Litmus
Litmus is an open-source cloud-native chaos engineering platform (resilience testing) for Kubernetes and other modern infrastructure to validate reliability through controlled fault injection and experiment orchestration.
- Chaos experiment orchestration and fault injection workflows for Kubernetes workloads (resilience testing).
- Chaos experiment catalog and reusable test scenarios for common Kubernetes and infrastructure failure modes (test libraries).
- Observability and result collection for chaos runs, including experiment status and system behavior (monitoring and reporting).
- Custom chaos experiment authoring and integration with Continuous Integration and Continuous Deployment (CI/CD) pipelines and GitOps workflows (DevOps automation).
- Extensible architecture with operators, CRDs, and integrations to run chaos at cluster, application, and infrastructure layers (cloud-native operations).
More About Litmus
Litmus is an open-source chaos engineering platform (resilience testing) under the Cloud Native Computing Foundation that focuses on validating the reliability of Kubernetes environments and related cloud-native infrastructure through controlled experiments. It targets use cases where enterprises need to understand how applications and platforms behave under faults such as pod failures, node outages, resource pressure, or network issues, and enables teams to simulate these conditions in a systematic way.
The project provides a framework for defining, scheduling, and observing chaos experiments (test orchestration) that run against Kubernetes clusters and associated services. At its core, Litmus uses Kubernetes-native constructs such as Custom Resource Definitions (CRDs) and operators (cloud-native control plane) to manage the lifecycle of chaos workflows. Experiments are described as Kubernetes resources, which allows them to be versioned, automated, and integrated into existing cluster management and DevOps practices.
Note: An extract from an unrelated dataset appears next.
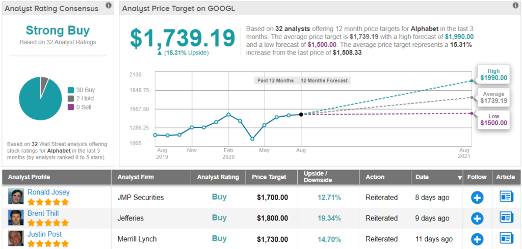 看看市场共识的评级,其他分析师也对此印象深刻。根据30次购买和2次持有评级, GOOGL 获得一个“强力买入”评级。平均价格目标为1,739.19美元,意味着较目前水平有15% 的上行潜力。

Litmus includes a catalog of predefined chaos experiments (test libraries) that cover common failure scenarios, such as pod deletion, container kill, disk stress, Central Processing Unit (CPU) or memory stress, and network latency or loss, where applicable to the supported environments described by the project. These experiments are packaged to be reusable and composable, so platform and application teams can build more complex scenarios that reflect real production failure conditions. The use of standard Kubernetes resources and APIs (container orchestration) allows these tests to be applied across different clusters and distributions where Kubernetes is supported.
For enterprise environments, Litmus supports integration into CI/CD pipelines and GitOps workflows (DevOps automation), enabling chaos experiments to be run as part of continuous testing or pre-production validation. This supports practices where reliability checks are embedded into release processes, so regressions in resiliency can be detected alongside functional or performance issues. Litmus also exposes experiment status, results, and metrics (observability) that can be consumed by monitoring and logging systems, helping Site Reliability Engineering (SRE) and platform teams correlate failures injected by chaos tests with application and infrastructure behavior.
The project’s architecture is designed around Kubernetes operators, experiment CRDs, and workflows (cloud-native operations), which provides an extensible model for adding new fault types or integrating with additional infrastructure components where supported by Litmus. This extensibility is relevant for organizations that operate heterogeneous environments but use Kubernetes as a control plane. Litmus is positioned in the enterprise tooling landscape as a chaos engineering and resilience testing platform focused on cloud-native ecosystems, particularly Kubernetes-based platforms, enabling structured failure testing as part of reliability engineering and platform operations practices.